Having said that, the specificity matching principle (Swann et al., 2007) raises the possibility that GSE and OBSE will not have comparable prospective effects on job outcomes. This principle states that the effect of self-views on outcomes is strongest when the specificity of the predictor (e.g., organizational self-esteem) is matched to the specificity of the outcome (e.g., organizational outcomes) and weakest when there is a mismatch between the predictor and the outcome (e.g., global self-esteem predicting organizational outcomes). Thus, given that OBSE focuses on employees’ sense of worthiness and competence in the workplace, it is expected to show stronger associations with organizational outcomes than GSE (Bowling et al., 2010; Chen et al., 2004; Pierce et al., 1989). The specificity matching principle has been repeatedly confirmed for other domain-specific forms of self-esteem, including academic self-esteem (Marsh & Craven, 2006; Marsh & Martin, 2011) and social relationship self-esteem (Marsh & O'Mara, 2008; see Orth & Robins, 2022 for a review of a wide range of domain-specific forms of self-esteem and life outcomes), so we expect to find the same pattern for OBSE.
We tested these ideas using two key organizational outcomes: job satisfaction and work engagement. Job satisfaction is defined as an affective and cognitive evaluation of one’s job (Brief, 1998), and its concurrent association with self-esteem is well established in the range of about .26 (Judge & Bono, 2001a, 2001b). Previous research highlights several mechanisms that might explain this association. For instance, Locke et al. (1996) found that high self-esteem employees tend to maintain positive expectations in the face of failure, which makes their future success (and thus future satisfaction) more likely (Dodgson & Wood, 1998). Furthermore, self-consistency theory (Korman, 1970) states that high self-esteem employees are more likely than low self-esteem employees to choose occupations that are congruent with their interests, allowing high self-esteem employees to be more satisfied with their job (see also Tharenou, 1979). Finally, Judge and Bono (2001a, 2001b) pointed to self-esteem as a key resource underlying the dispositional basis of job satisfaction.

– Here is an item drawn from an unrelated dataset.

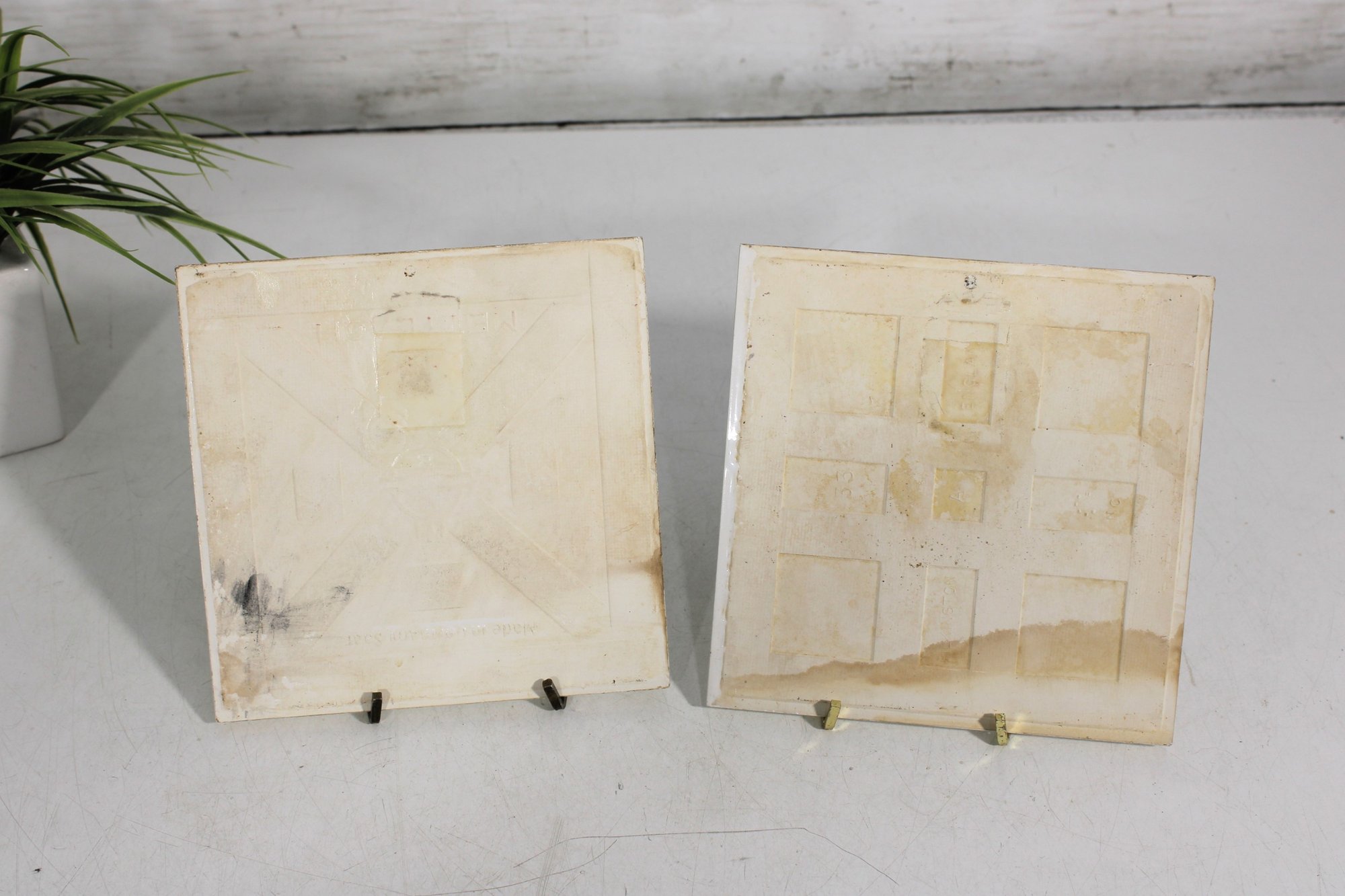 These decorative tiles have a glossy finish and are mounted on backing (as shown), making them suitable for use as trivets or display pieces. The nostalgic Americana imagery makes them a wonderful addition to farmhouse, country, or traditional décor.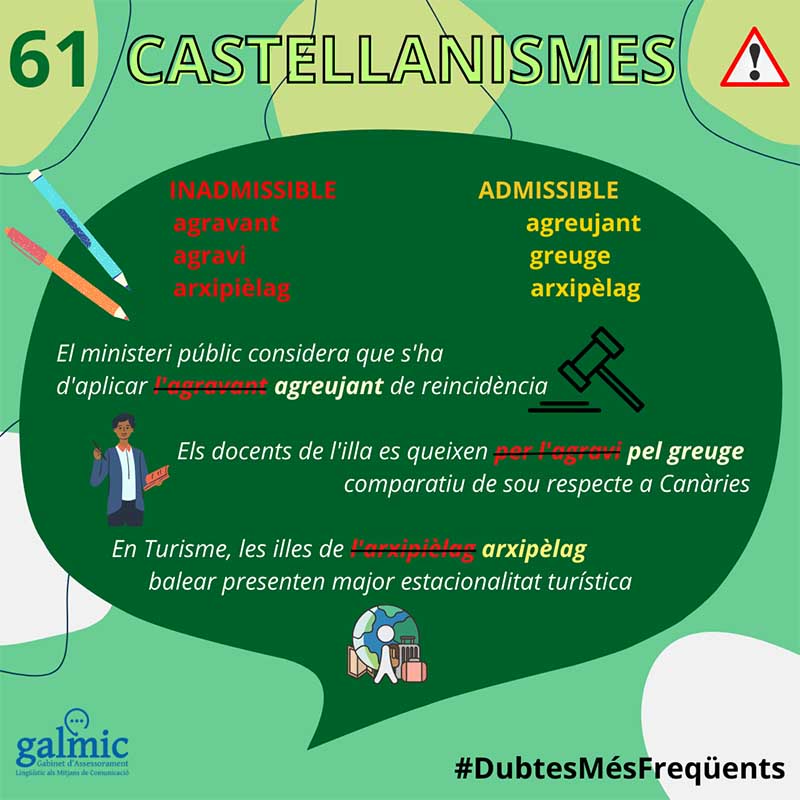 Com ja sabeu, un dels objectius del GALMIC és oferir assessorament lingüístic especialitzat als mitjans de comunicació en llengua catalana, audiovisuals i escrits, de les Illes Balears. És per això que al nostre web publicam unes fitxes lingüístiques amb els dubtes més freqüents. En aquestes fitxes s’explica un tret, a quina varietat geogràfica es troba i de quin registre és propi. Tot això us servirà de recordatori i també per corregir alguna errada que no sabíeu que fèieu. Esperam que us puguin ser útils.

Work engagement has been defined as “a positive, fulfilling, work-related state of mind that is characterized by vigor, dedication, and absorption” (Schaufeli et al., 2002) and represents a positive affective-motivational state of work-related well-being (Bakker et al., 2008). Employees with high levels of work engagement tend to perform better (Halbesleben & Wheeler, 2008), and to be highly connected with their job tasks active in their work roles (Kahn, 1990), than workers low in work engagement. According to the Job-Demand Resources (JD-R) model, personal resources, such as self-esteem, have a high motivational potential that can lead employees to have a strong engagement with their work. In fact, previous research supported this idea by demonstrating that self-esteem can protect employees from demanding situations, support achievement of their goals, and stimulate their growth and development, even across short periods of time (Ouweneel et al., 2012; Xanthopoulou et al., 2009). Engaged employees tend to be more tenacious and persistent than disengaged employees and are more likely to believe they can achieve future success (Xanthopoulou et al., 2007, 2009). In addition, according to COR theory (Hobfoll, 1989), self-esteem is a key personal resource that supports and promotes the willingness to engage and be persistent at work.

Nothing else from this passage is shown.